AG: That’s very interesting. It’s probably healthy to have periods like that where you’re not writing anything, or rather, that you’re not worrying about writing anything.

JG: I crave that silence. I’ve just been asked to write a string quartet by an ensemble in this area, and I would love to. I love string quartets. It’s probably one of my favorite all-time ensemble sounds. It’s just the simplicity and purity of it. I just have to wait to see what is it that’s going to emerge. And I’m not going to push it. I’m going to see.

AG: So you said maybe.

JG: We’re talking about it. I’m also working on a book—it’s a book about composing and about learning composing and about teaching composing. There’s a lot to it already, so I think there will be a book there, after 35 years of teaching.
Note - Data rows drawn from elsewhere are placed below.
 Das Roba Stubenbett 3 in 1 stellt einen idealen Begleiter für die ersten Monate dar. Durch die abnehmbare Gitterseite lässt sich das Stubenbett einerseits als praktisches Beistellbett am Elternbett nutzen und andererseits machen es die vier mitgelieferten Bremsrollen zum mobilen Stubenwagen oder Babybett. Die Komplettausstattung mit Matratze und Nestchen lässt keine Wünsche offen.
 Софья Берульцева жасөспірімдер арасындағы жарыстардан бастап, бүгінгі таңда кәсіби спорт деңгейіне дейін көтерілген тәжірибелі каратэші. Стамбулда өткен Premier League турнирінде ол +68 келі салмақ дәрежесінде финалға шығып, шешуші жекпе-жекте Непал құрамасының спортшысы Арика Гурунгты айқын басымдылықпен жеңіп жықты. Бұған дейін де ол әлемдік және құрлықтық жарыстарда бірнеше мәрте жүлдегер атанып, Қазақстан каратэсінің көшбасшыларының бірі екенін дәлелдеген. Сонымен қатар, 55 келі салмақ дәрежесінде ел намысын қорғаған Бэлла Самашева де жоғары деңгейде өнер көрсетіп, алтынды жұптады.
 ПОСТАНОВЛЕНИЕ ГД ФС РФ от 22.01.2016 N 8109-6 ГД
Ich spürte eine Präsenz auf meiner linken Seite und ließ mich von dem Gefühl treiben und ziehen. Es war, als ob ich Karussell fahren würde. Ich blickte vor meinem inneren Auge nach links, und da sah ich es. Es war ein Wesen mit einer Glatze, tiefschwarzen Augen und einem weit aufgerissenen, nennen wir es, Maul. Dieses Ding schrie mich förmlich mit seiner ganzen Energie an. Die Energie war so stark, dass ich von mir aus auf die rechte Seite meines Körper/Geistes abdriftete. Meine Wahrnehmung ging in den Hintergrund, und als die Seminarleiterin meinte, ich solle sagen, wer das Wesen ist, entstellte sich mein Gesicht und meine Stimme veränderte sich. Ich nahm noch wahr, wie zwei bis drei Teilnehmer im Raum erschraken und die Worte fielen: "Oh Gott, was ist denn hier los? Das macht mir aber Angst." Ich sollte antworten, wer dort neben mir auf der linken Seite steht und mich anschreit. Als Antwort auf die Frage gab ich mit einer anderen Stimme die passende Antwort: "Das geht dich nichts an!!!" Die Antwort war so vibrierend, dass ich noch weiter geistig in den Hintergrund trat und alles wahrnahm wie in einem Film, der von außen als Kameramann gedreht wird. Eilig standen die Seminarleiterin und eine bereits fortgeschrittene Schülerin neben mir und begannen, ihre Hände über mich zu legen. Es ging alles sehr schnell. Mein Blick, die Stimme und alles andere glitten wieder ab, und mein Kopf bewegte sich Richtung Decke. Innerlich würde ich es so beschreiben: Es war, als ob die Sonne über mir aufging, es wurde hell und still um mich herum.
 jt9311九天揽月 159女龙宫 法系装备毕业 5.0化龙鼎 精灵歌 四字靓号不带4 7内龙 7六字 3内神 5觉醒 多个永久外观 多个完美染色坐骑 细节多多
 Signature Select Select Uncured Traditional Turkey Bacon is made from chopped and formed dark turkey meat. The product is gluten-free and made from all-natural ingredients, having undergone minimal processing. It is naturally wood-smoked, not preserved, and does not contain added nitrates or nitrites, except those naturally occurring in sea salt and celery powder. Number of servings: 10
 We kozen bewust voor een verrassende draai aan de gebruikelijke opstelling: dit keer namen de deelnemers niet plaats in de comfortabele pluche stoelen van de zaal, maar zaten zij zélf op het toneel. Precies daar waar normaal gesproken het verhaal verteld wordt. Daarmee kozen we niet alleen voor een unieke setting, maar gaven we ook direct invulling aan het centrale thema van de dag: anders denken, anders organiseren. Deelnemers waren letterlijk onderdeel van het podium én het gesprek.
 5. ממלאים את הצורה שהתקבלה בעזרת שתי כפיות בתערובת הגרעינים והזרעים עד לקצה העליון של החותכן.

I’ve been encouraged by some of my colleagues to do this book; there’s nothing out there, practically. It’s an interesting time. I have no interest whatsoever in pushing my career out at this point. And I don’t have a feeling of fading, or like something’s over per se; it just feels more spacious.

AG: You have such a different take on existence as a composer than so many people. Trying to figure out what’s going on inside your head seems to have had a positive effect.

JG: Thanks. I’m still trying to figure things out: What am I doing? What is music? Is music the notes that you write on a piece of paper? Or is music the sound that’s made in the present moment connecting with an audience, or with another person? It’s when it’s happening, is what I’m coming to know more. What is a composer? Are we missing something by composing in isolation and then handing it over? Where do we get our juice from? You know, each day when we sit down to work? Where’s that coming from? Are we making music? I don’t know if we’re making music or we’re making something that will then be translated into somebody making music. I don’t know! These are big questions.